Most married couples assume they should file joint income tax returns, and usually, that’s the right choice. But under certain circumstances, there may be benefits to filing separate returns.

Bear in mind that the differences between married filing jointly and married filing separately (MFS) can be complicated. Switching from one status to the other may increase some tax breaks while reducing others. So, it’s important to analyze the numbers before determining which status is best for you. With that in mind, here are some situations in which it may be advantageous to file separately rather than jointly.

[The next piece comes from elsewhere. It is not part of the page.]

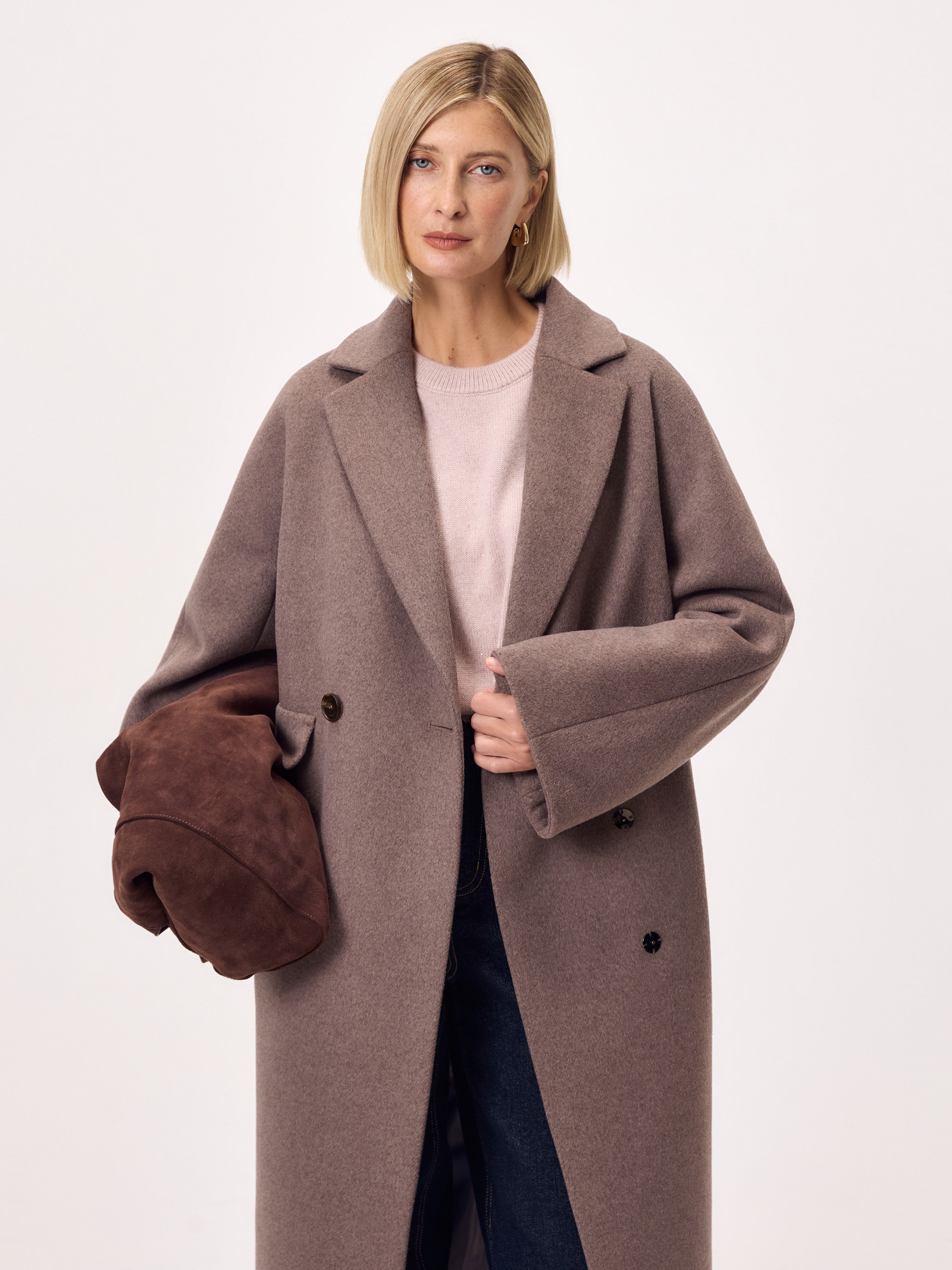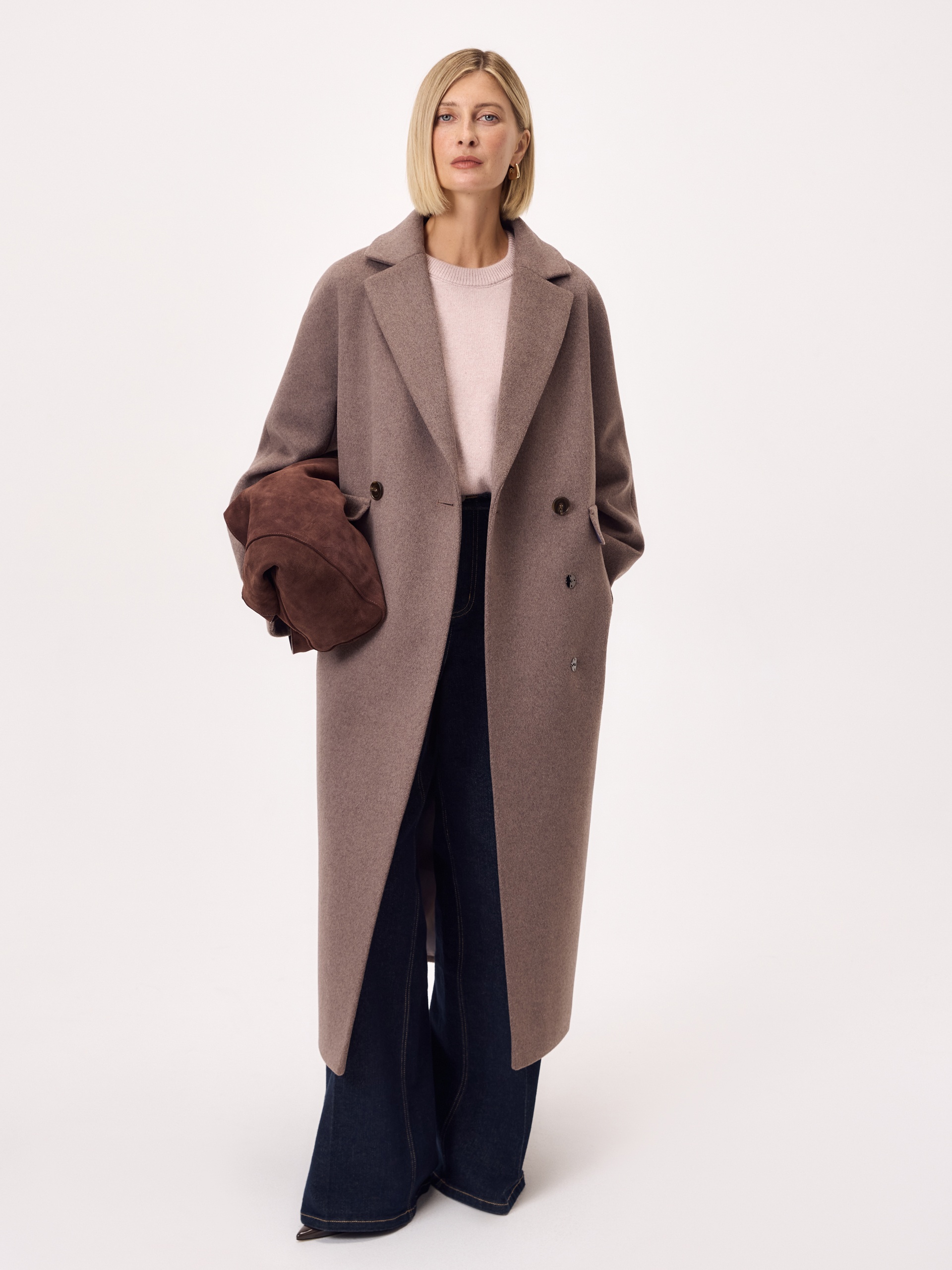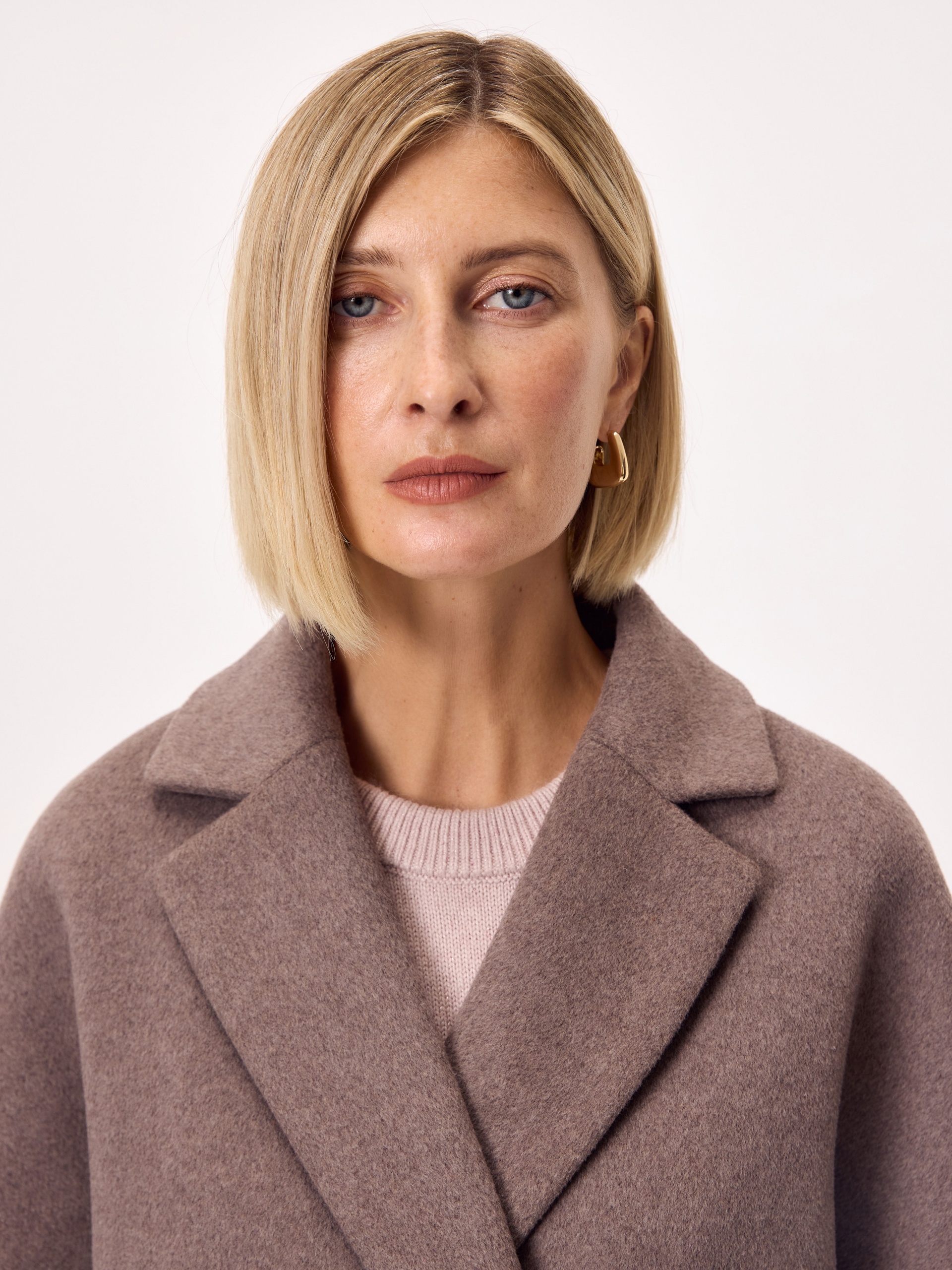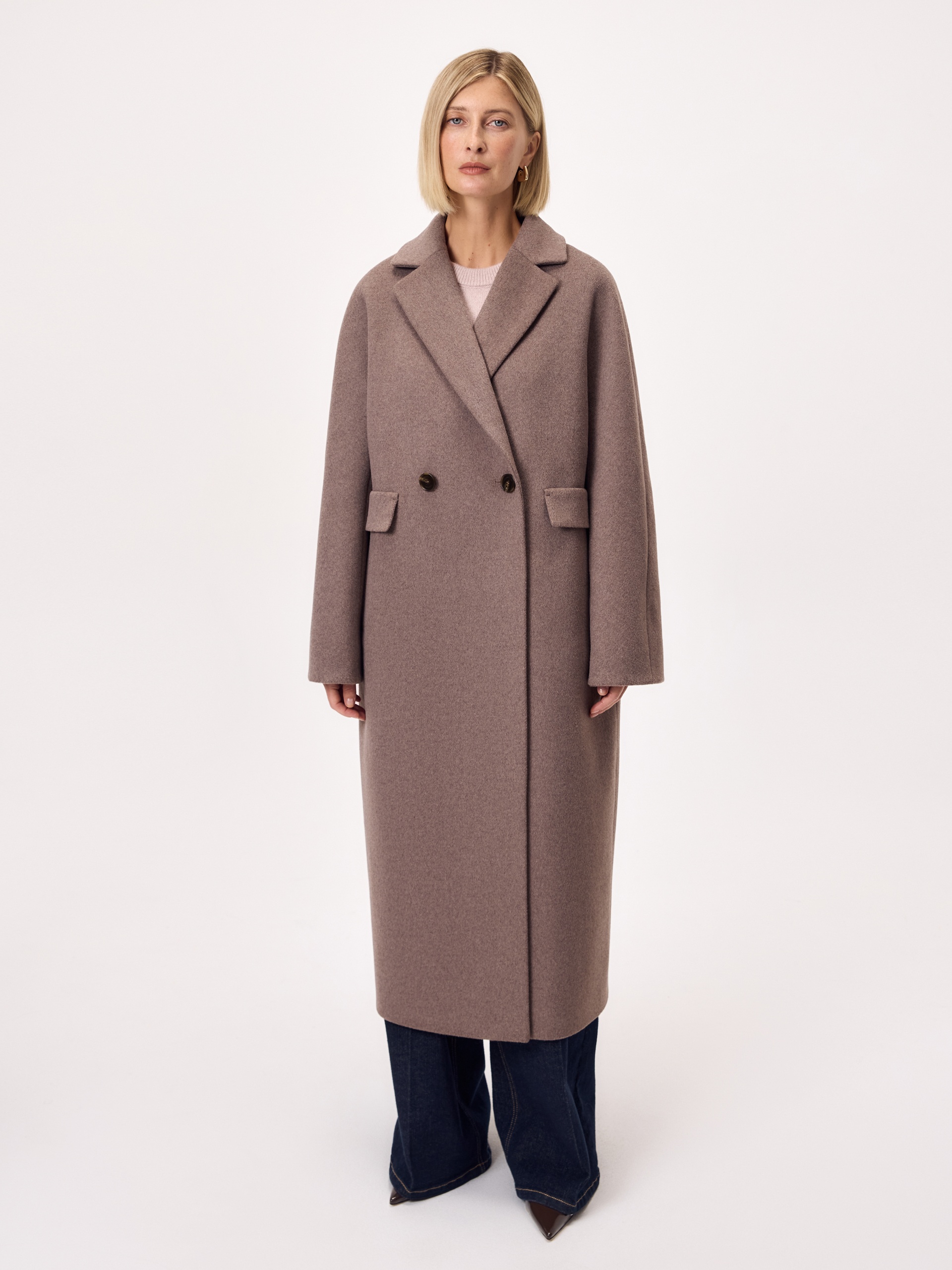 Двубортное пальто силуэта "удлиненный кокон" в модном цвете мокко. Пальто сшито из ворсовой меланжевой ткани с высоким содержанием натуральной шерсти. Пальто имеет английский воротник с узким лацканом и широкие цельнокроеные рукава "кимоно" европейской длины 7/8 с отворачивающимися манжетами по низу. Застежка на две крупных пуговицы и кнопки. Длина изделия до середины икры. Декоративным элементом служат карманы с узкими листочками и широкими клапанами. Для наилучшей защиты от непогоды изделие выполнено с использованием высокотехнологичной мембраны RaftPro. Произведено в Санкт-Петербурге.

A spouse has unreimbursed medical expenses

Unreimbursed medical expenses are deductible as an itemized deduction to the extent they exceed 7.5% of adjusted gross income (AGI). If one spouse has significant unreimbursed medical expenses and relatively low income, filing separately may result in a substantially larger medical expense deduction.

Note that when filing separately, both spouses must itemize, or both must claim the standard deduction. So, this strategy only works if the spouses’ combined deductions are greater than the standard deduction for joint filers.

A spouse has QBI

Eligible business owners are entitled to deduct up to 20% of their qualified business income (QBI) from sole proprietorships or pass-through entities (partnerships, limited liability companies and S corporations). For certain types of businesses (including “specified service businesses”), the QBI deduction is phased out for owners whose taxable income exceeds certain thresholds. For 2023, the deduction is reduced for these businesses once income reaches $182,100 for single and MFS filers or $362,400 for joint filers. It’s eliminated once income reaches $232,100 for single and MFS filers or $462,400 for joint filers.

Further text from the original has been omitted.